Records from a data source:
┌──
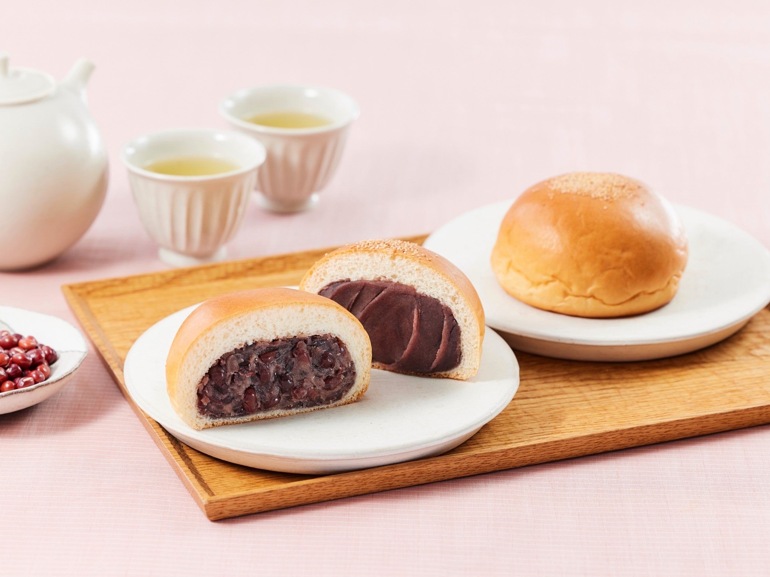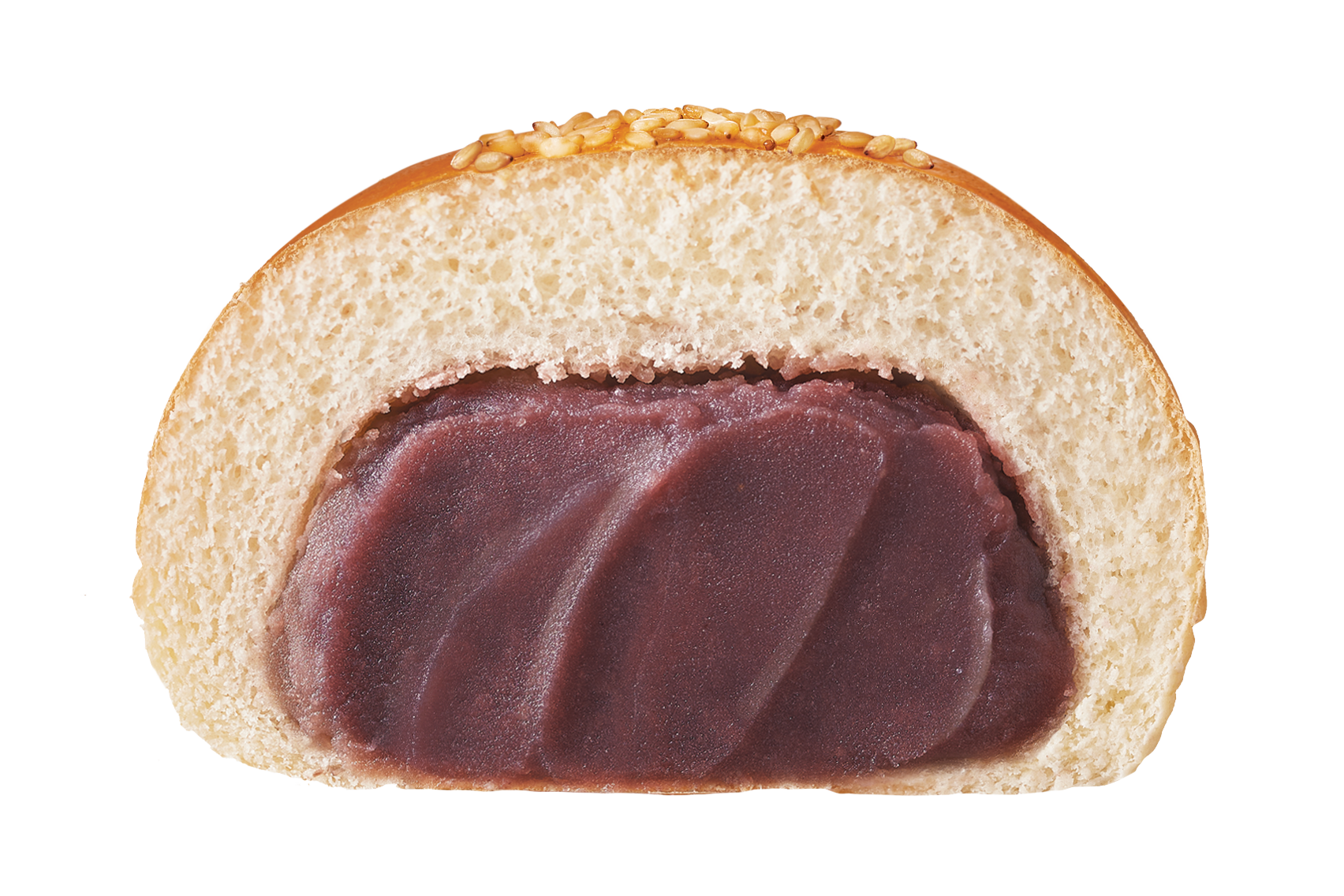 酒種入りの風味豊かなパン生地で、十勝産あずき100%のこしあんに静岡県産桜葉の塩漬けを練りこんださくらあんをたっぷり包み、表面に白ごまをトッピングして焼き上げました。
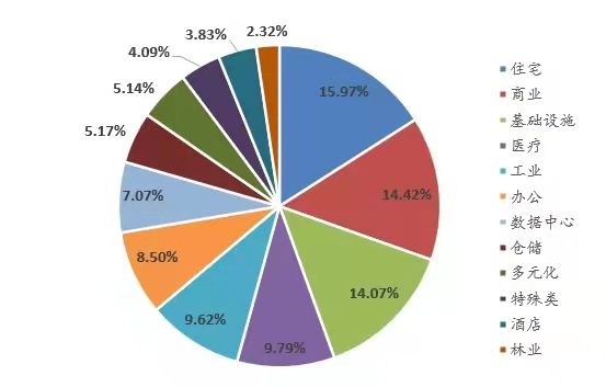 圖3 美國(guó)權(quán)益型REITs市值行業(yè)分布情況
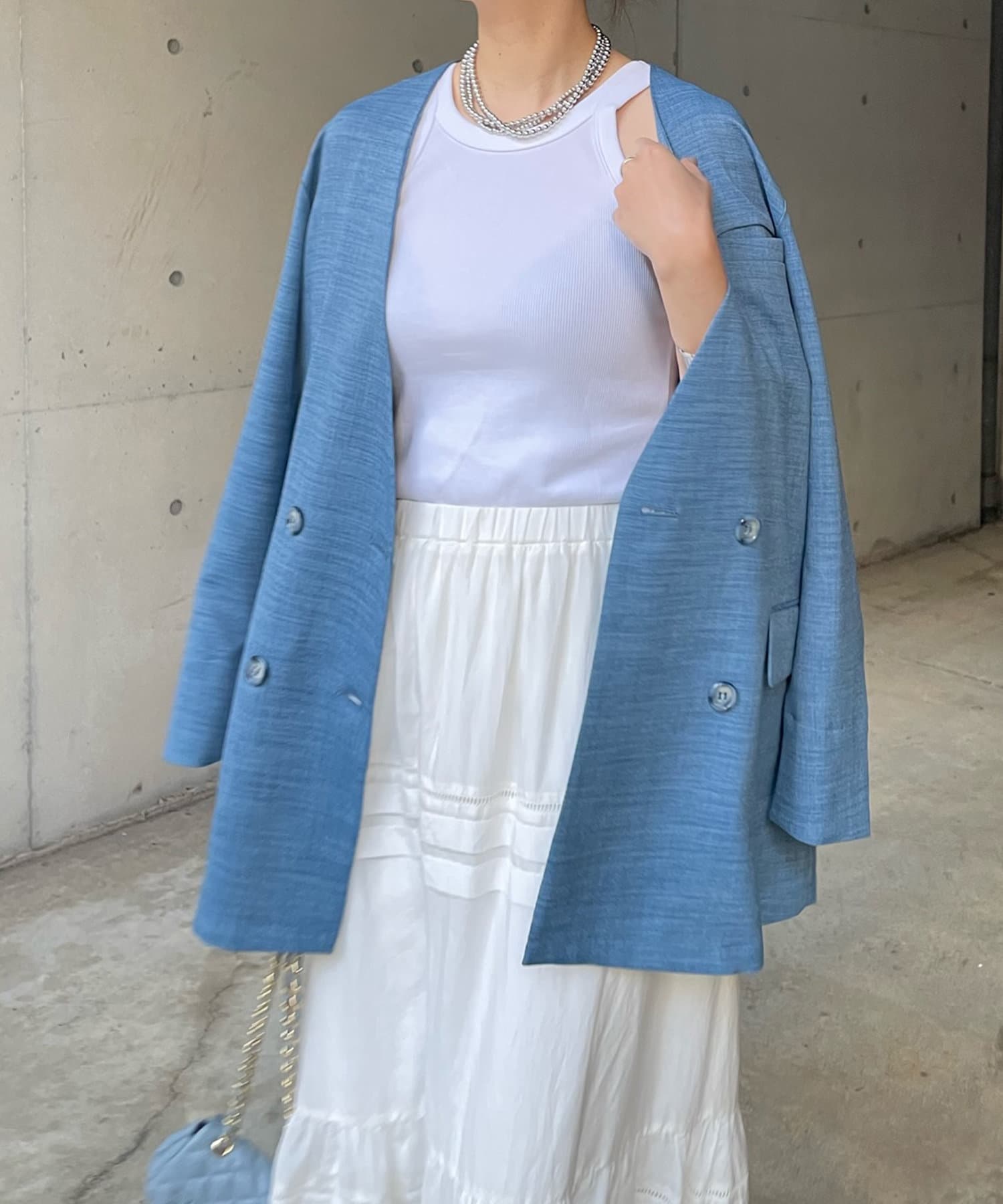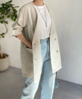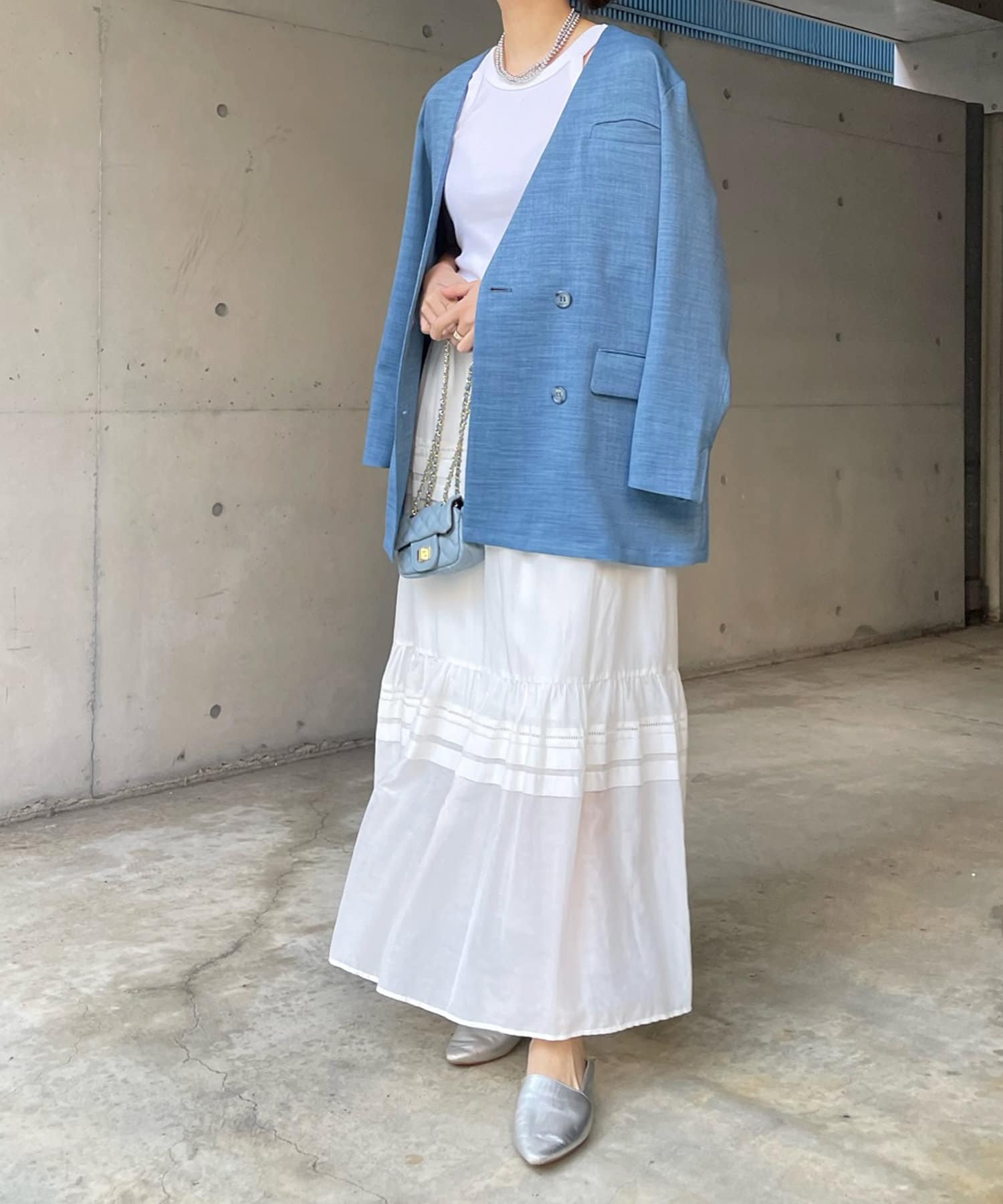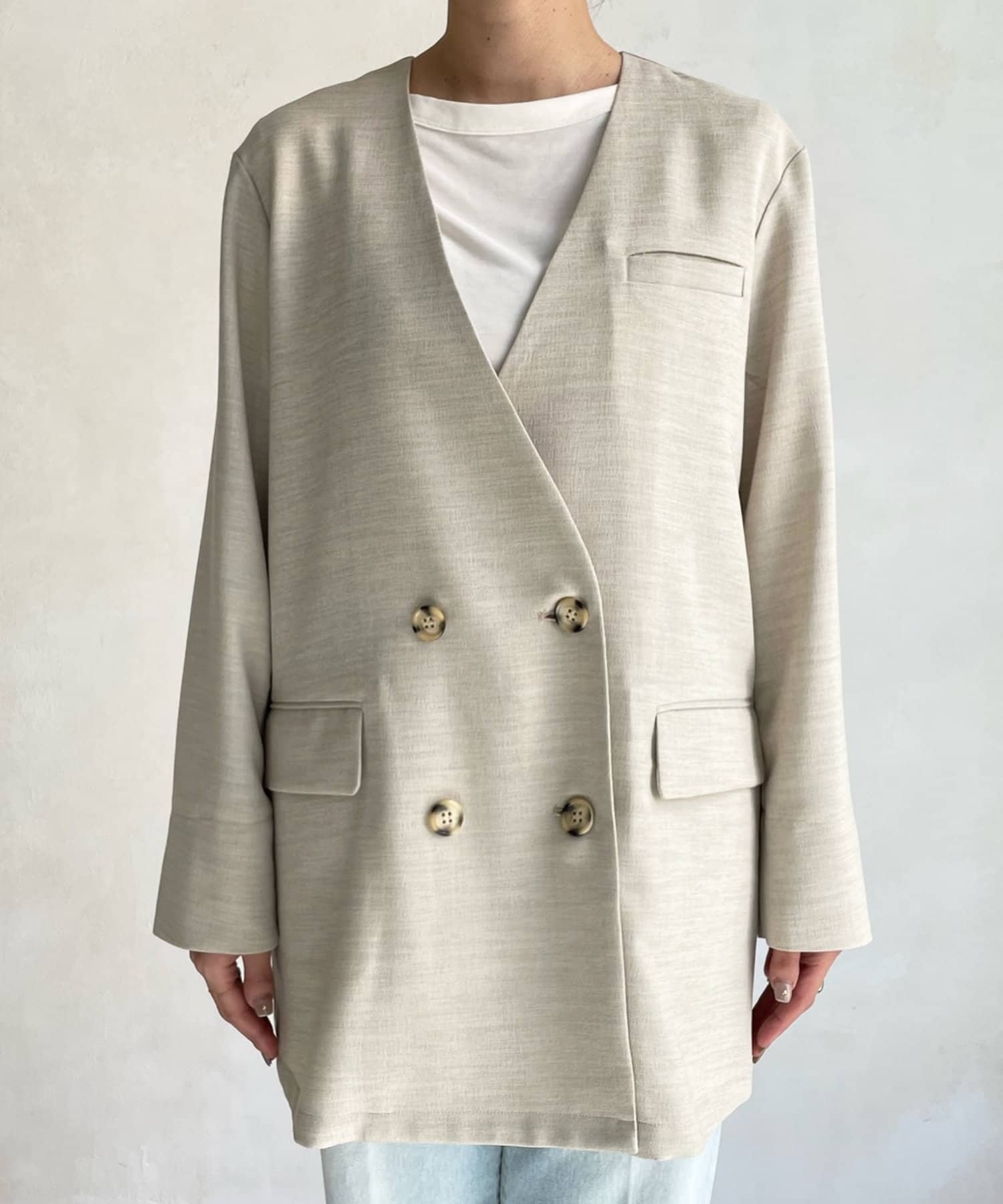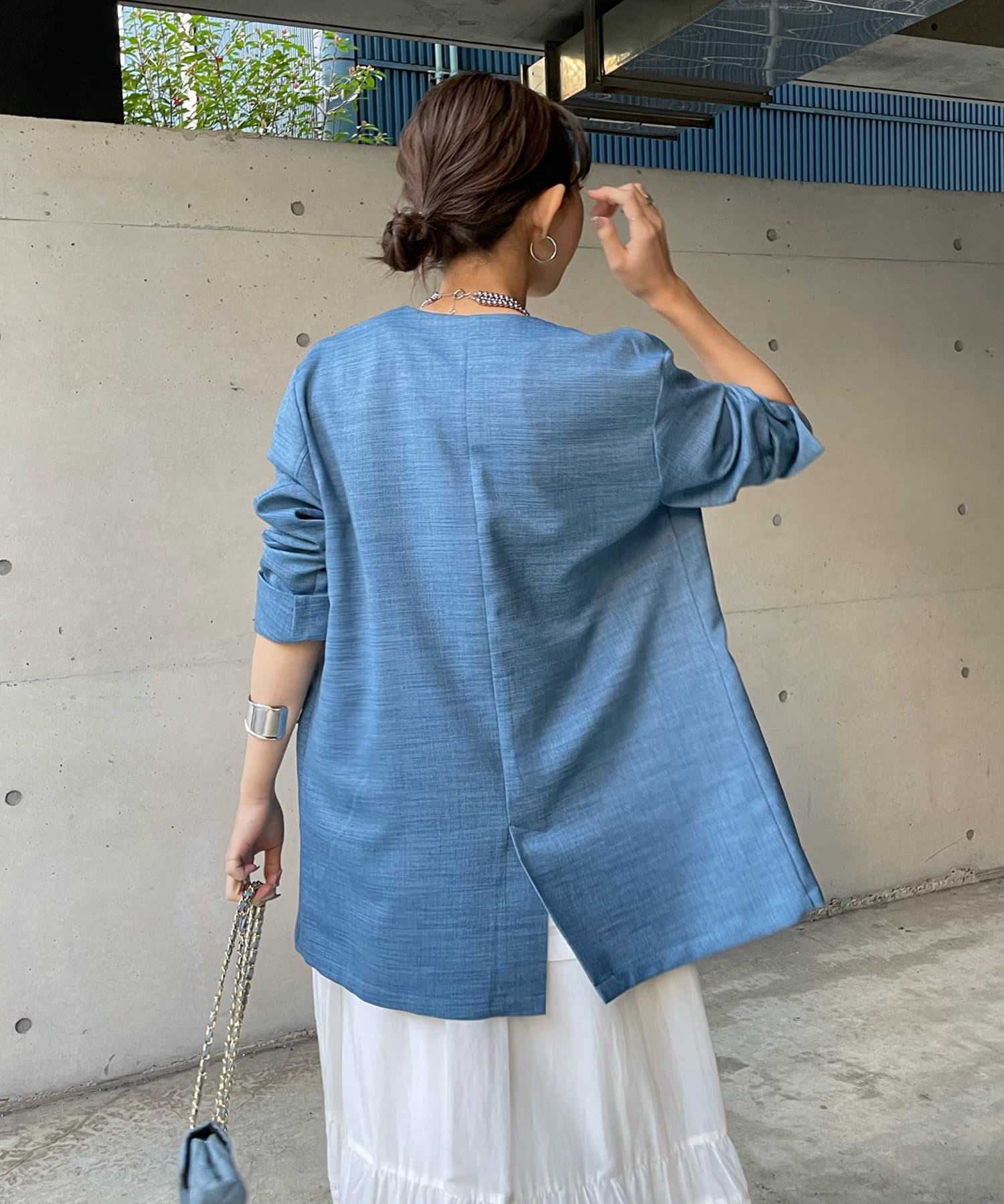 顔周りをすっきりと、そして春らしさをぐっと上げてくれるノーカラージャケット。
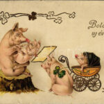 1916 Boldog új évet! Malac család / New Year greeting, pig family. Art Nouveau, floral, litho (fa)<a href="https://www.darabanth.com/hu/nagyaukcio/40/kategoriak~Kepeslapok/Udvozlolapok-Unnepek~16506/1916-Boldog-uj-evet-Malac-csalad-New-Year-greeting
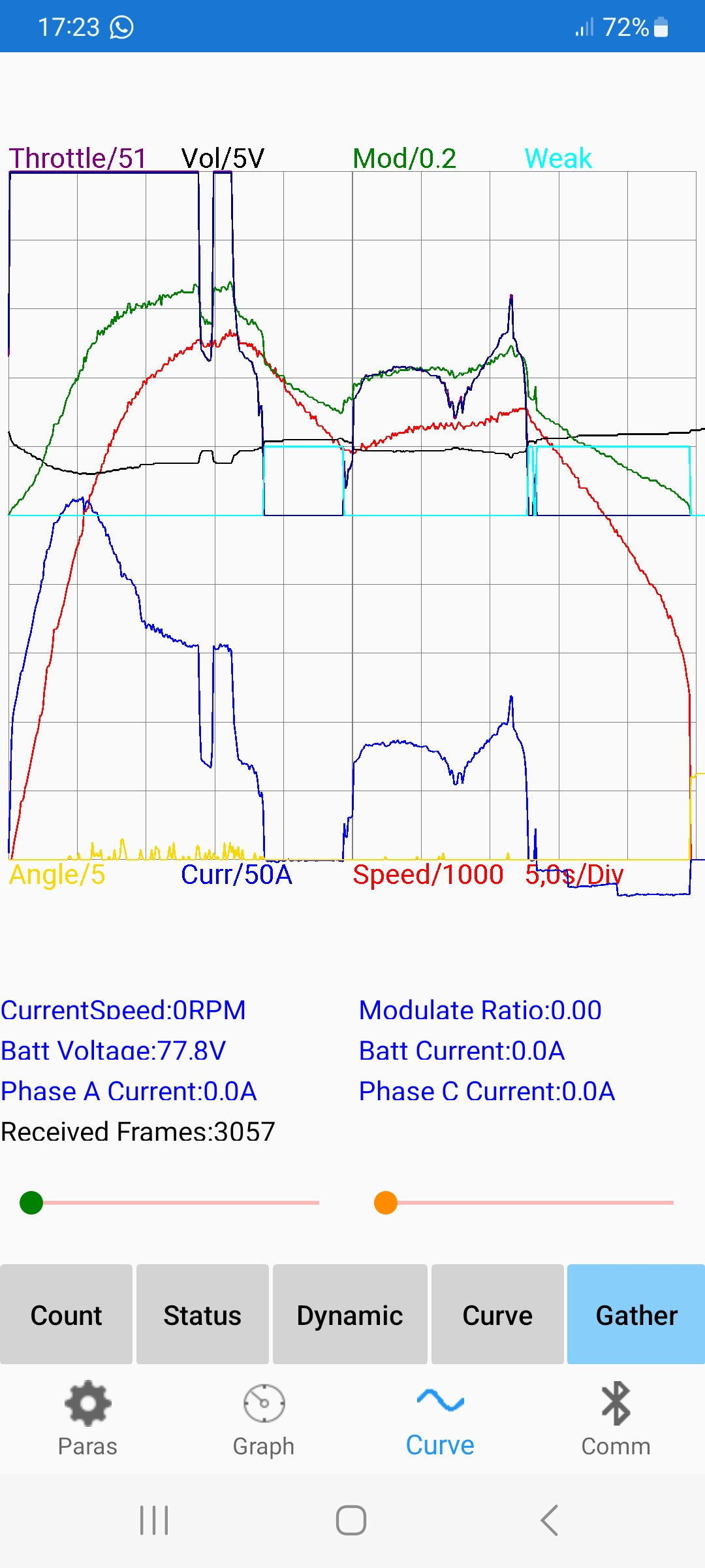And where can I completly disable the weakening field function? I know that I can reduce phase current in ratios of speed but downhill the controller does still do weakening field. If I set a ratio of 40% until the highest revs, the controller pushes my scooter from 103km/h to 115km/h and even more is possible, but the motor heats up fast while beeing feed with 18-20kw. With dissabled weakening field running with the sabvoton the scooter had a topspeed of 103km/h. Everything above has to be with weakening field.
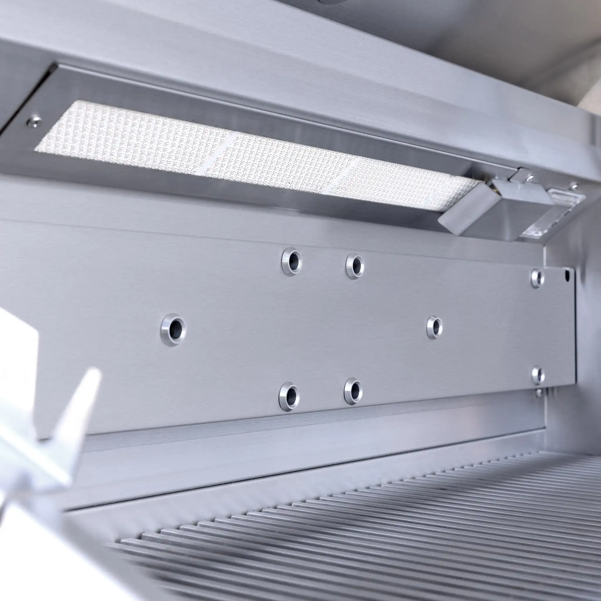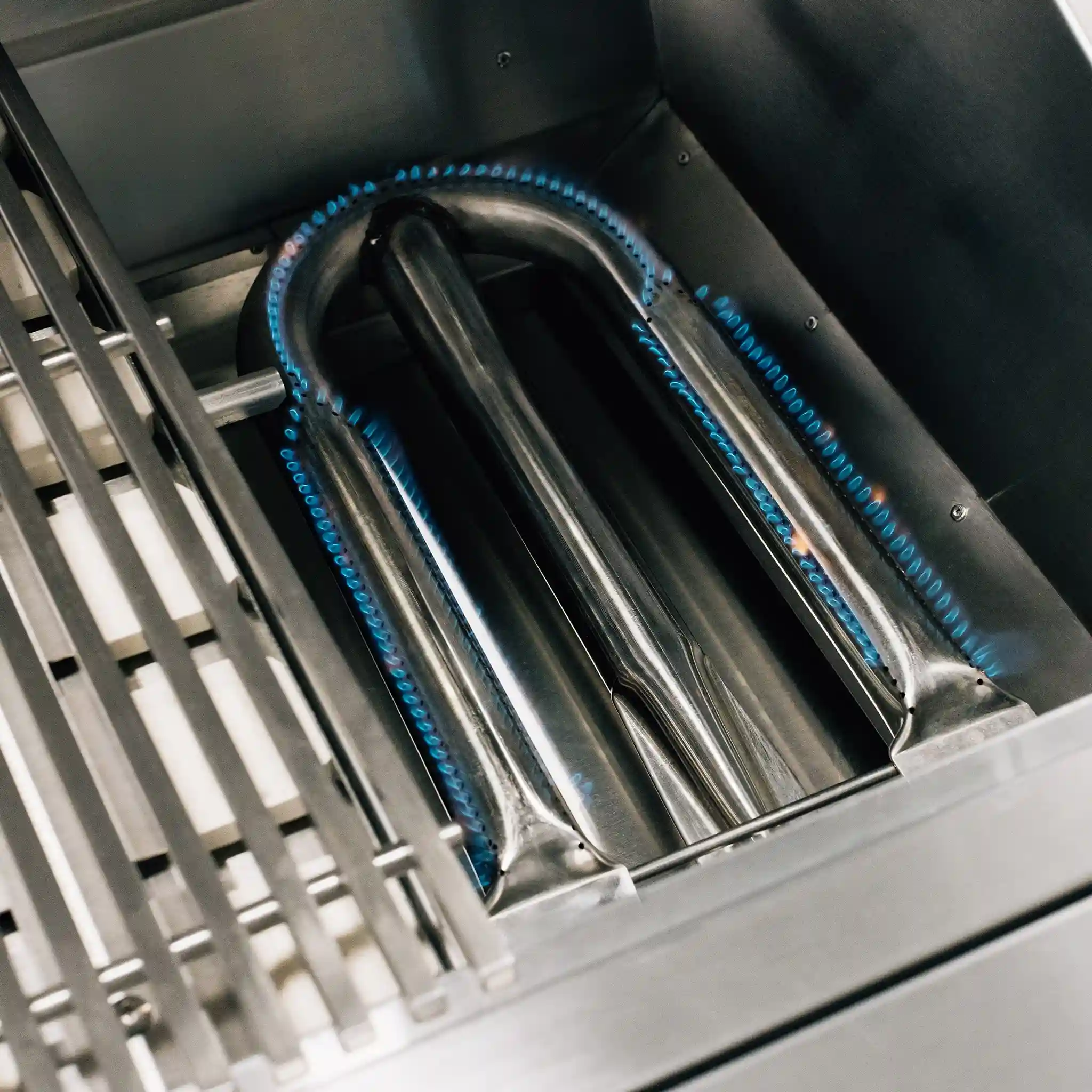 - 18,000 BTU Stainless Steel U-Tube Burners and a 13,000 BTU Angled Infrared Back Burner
└──
The records above must be printed exactly, but the pictures they hold should be omitted.

 酒種入りの風味豊かなパン生地で、十勝産あずき100%のこしあんに静岡県産桜葉の塩漬けを練りこんださくらあんをたっぷり包み、表面に白ごまをトッピングして焼き上げました。
 圖3 美國(guó)權(quán)益型REITs市值行業(yè)分布情況
 顔周りをすっきりと、そして春らしさをぐっと上げてくれるノーカラージャケット。
 1916 Boldog új évet! Malac család / New Year greeting, pig family. Art Nouveau, floral, litho (fa)<a href="https://www.darabanth.com/hu/nagyaukcio/40/kategoriak~Kepeslapok/Udvozlolapok-Unnepek~16506/1916-Boldog-uj-evet-Malac-csalad-New-Year-greeting
And where can I completly disable the weakening field function? I know that I can reduce phase current in ratios of speed but downhill the controller does still do weakening field. If I set a ratio of 40% until the highest revs, the controller pushes my scooter from 103km/h to 115km/h and even more is possible, but the motor heats up fast while beeing feed with 18-20kw. With dissabled weakening field running with the sabvoton the scooter had a topspeed of 103km/h. Everything above has to be with weakening field.
 - 18,000 BTU Stainless Steel U-Tube Burners and a 13,000 BTU Angled Infrared Back Burner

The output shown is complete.